__Task details__: Return, word for word, only the lines of the data below that lie between the line with "Manfinity Mode كنزة" and the line with "Muscle Meal Pure", those two lines included.

---------- Provided data

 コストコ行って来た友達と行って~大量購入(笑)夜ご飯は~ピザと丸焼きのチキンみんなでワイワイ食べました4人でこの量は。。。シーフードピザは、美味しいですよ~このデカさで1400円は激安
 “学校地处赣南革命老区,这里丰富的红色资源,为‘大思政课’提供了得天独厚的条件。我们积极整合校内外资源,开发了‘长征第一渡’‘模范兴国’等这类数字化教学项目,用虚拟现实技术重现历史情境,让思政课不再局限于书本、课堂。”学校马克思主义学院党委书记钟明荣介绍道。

--------------------
---------- Provided data

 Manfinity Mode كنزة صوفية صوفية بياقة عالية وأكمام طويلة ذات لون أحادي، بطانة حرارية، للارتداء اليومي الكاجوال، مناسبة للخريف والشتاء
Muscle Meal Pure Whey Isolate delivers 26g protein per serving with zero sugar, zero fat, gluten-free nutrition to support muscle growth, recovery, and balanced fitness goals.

--------------------

__Reply__:
 Manfinity Mode كنزة صوفية صوفية بياقة عالية وأكمام طويلة ذات لون أحادي، بطانة حرارية، للارتداء اليومي الكاجوال، مناسبة للخريف والشتاء
Muscle Meal Pure Whey Isolate delivers 26g protein per serving with zero sugar, zero fat, gluten-free nutrition to support muscle growth, recovery, and balanced fitness goals.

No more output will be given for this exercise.